Other parts of Florida are potentially facing water shortages or saltwater intrusion into aquifers. Basically, Florida’s exploited environment is on the verge of crisis due to drastic cuts in environmental protection over the last few years. Time to make an appearance!
On Aug. 19, Scott pulled the clouds in his coffee together just long enough to sit down with five Floridian climate scientists and discuss all of the problems the state is about to face. Except, he didn’t really want to talk about problems.
“What I want to talk to you about is not causation so much, but solutions,” Scott told a gathered media throng the next day, according to Creative Loafing Tampa. “I’m a solutions person.”
Hmm, OK. But we kind of have to know the problems first. And apparently the only reason Scott agreed to sit down with the science club was not because he wanted to talk about any problems, but because his shape-shifting opponent, Charlie Crist, said he would do it first. Anyway, according to the Miami Herald, the scientists had pretty well dumbed down their pleas for attention before even meeting with Scott.
“This is not complicated,” David Hastings, a professor from Eckerd College, told the Herald. “We teach this to 18-year-olds every year, and I’ve been doing it for 25 years. It’s not hard science.”

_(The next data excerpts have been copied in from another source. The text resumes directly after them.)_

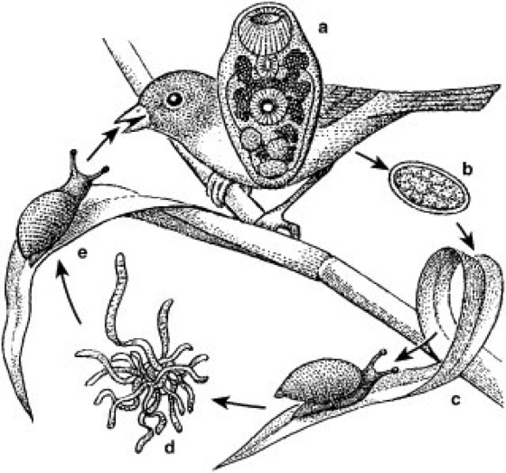 Entwicklungsgang des Saugwurms Leucochloridium macrostomum mit der Bernsteinschnecke als Zwischenwirt und Kleinvögeln als Endwirte; a geschlechtsreife Saugwürmer in der Kloake des Vogels, b die Eier gelangen mit dem Vogelkot nach außen, c die Eier werden von der Bernsteinschnecke mit der Nahrung aufgenommen, d in der Schnecke entwickeln sich die Sporocysten, e die reifen Brutschläuche werden vom Vogel aus den Schneckenfühlern gerissen.
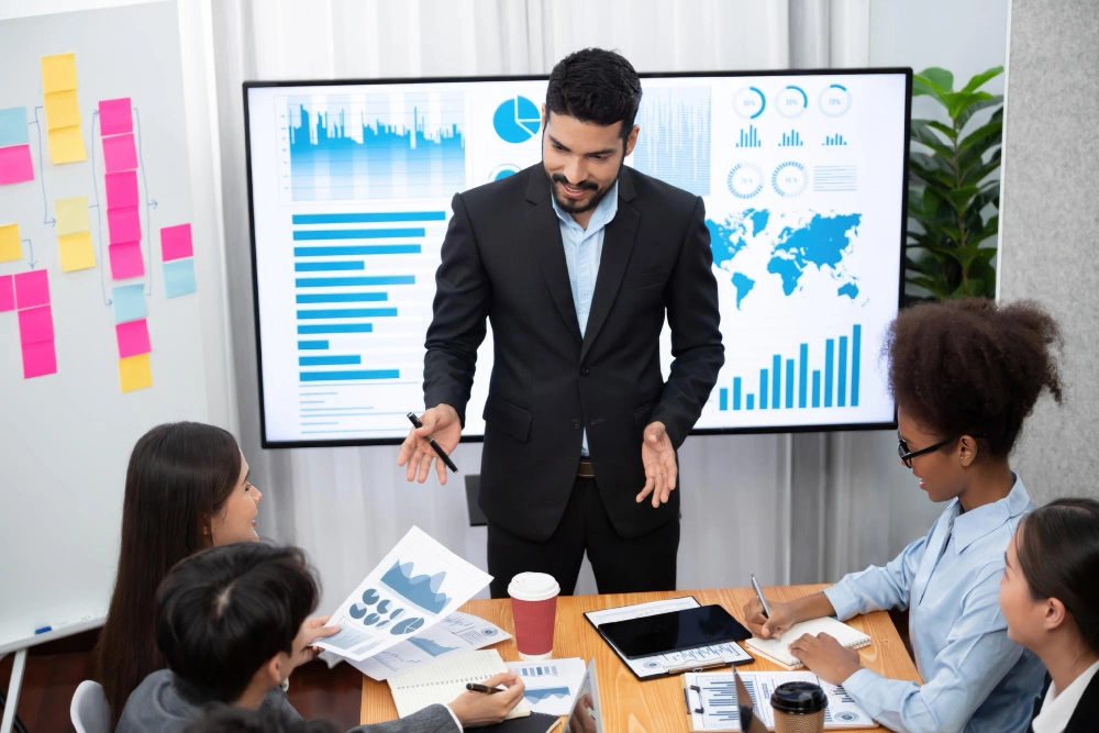 The power of a well-crafted presentation lies not only in the content but in the design that delivers it. Our team combines creative infographics, custom visuals, and clean layouts to ensure your presentation stands out. By leveraging your brand’s colors, fonts, and identity, we help reinforce your brand’s professionalism, giving you an edge in competitive environments.
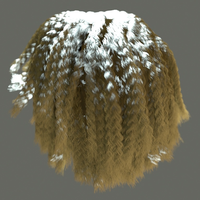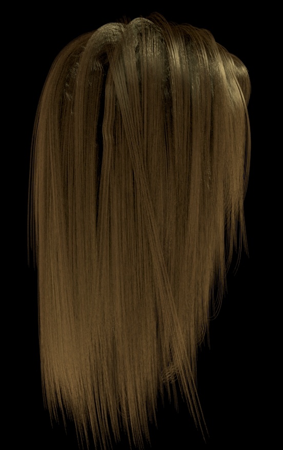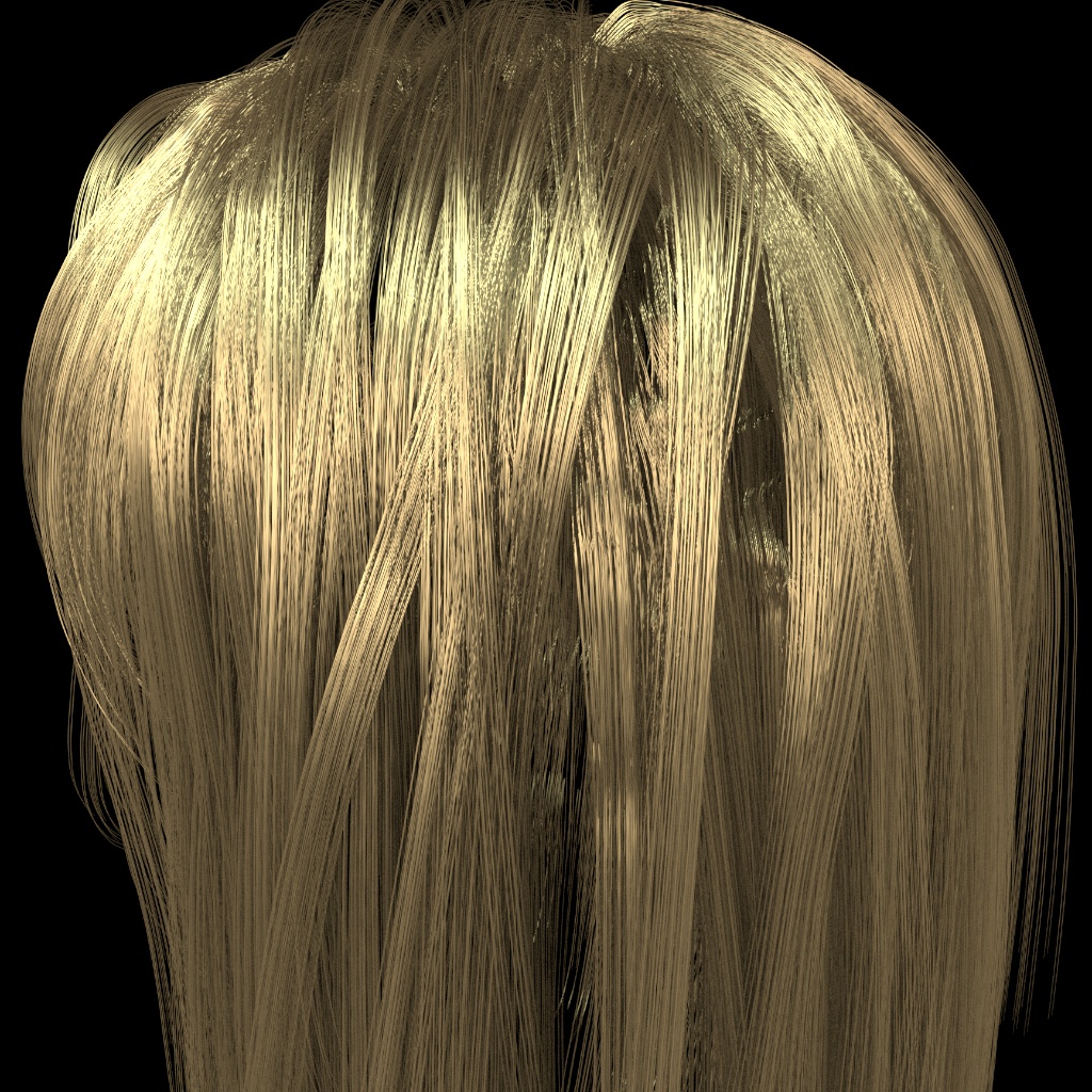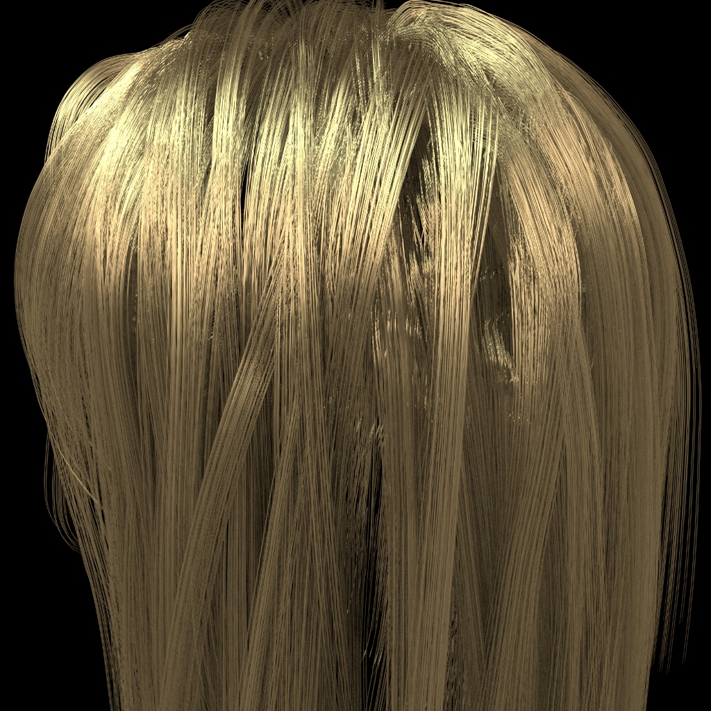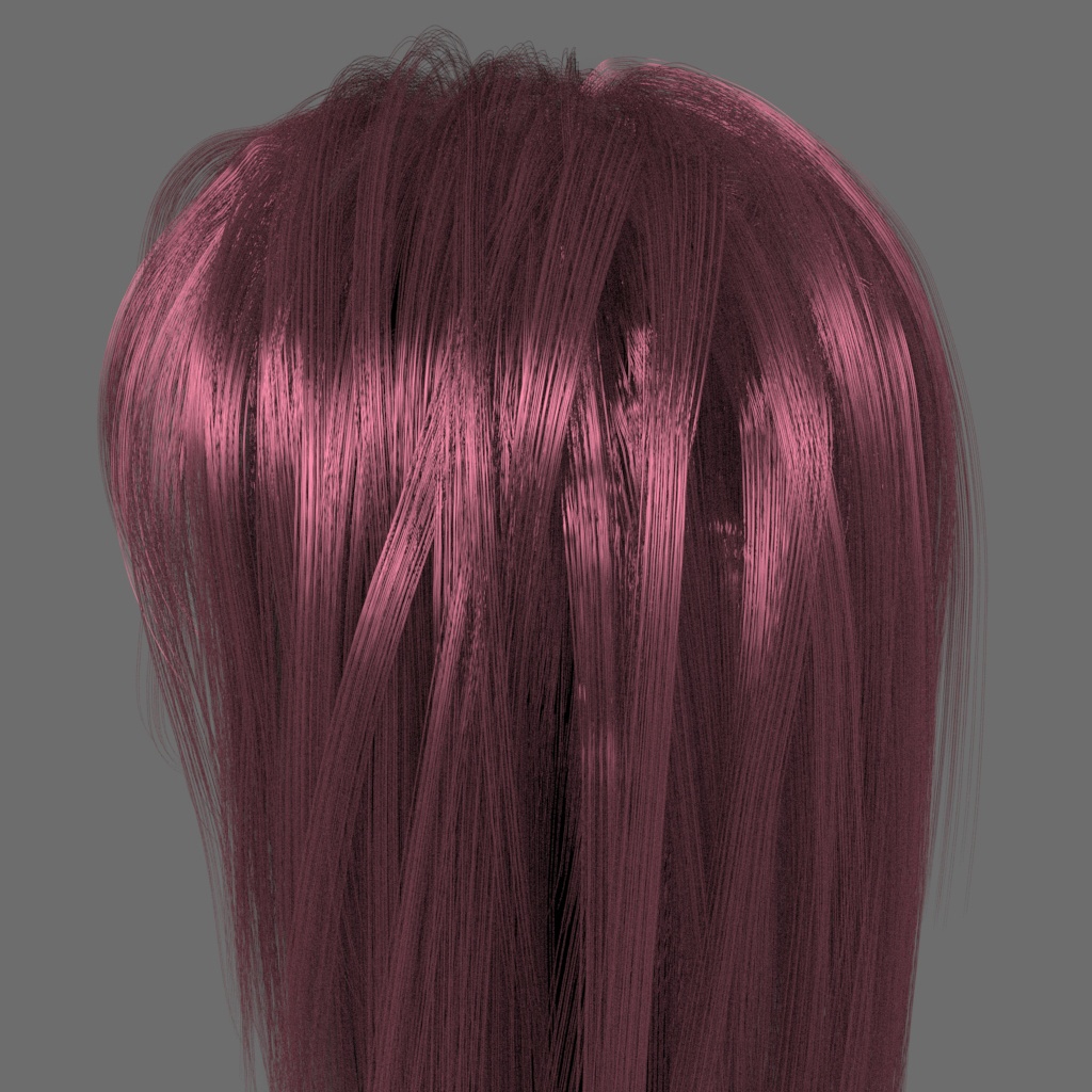The Hair shader has a secondary glossy specular lobe with its own Scale, Color, Glossiness and Shift controls. The secondary specular tends to shift towards the root of the hair, which is achieved with a positive value in the Shift control. Even though in real hair the secondary shift is linked to the primary shift with the expression secondary shift = primary shift \ -1.5*, the specular shift controls are decoupled for greater artistic control.

What is hard, however, is that noggin atop Scott’s shoulders. Even after hearing individual (timed) presentations about the ocean swallowing us, humans changing the atmosphere, melting polar ice caps and, gulp, how many jobs actually addressing climate change could bring – because JOBS! – Scott defaulted to Small Wonder mode and robotically spoke in pleasantries, according to the Herald.
“There was, in fact, no acknowledgment of the issue nor was there any reflection on the seriousness of the issue,” Hastings told the Herald after the event. “I’m concerned he might not do anything.”
But when pressed on the issue the following day, Scott was in full attack mode, saying, in effect, that he has been so much more environmental than Crist ever was, bitches. There were numbers thrown around, but none of them could quite counteract the sting of the truth dredged up by Politifact back in March after Scott was touting his environmental record for the State of the State dance with himself.
For instance, Scott tried to kill the Florida Forever land conservation program in 2011, he shut down the Department of Community Affairs, he weakened water-management districts, and, most tellingly, his spending on the Department of Environmental Protection was lower on average than it had been in the two administrations preceding him. For being a “solutions” guy, he’s not very good at math. Oh, and let’s not forget the hunting excursions Scott went on with Big Sugar money, which was recently brought to light. Big Sugar isn’t exactly into the environment.
So pardon us if we don’t believe Scott’s newfound embrace of a tree (or an ocean, or a reef). We may not be scientists, but we certainly know better.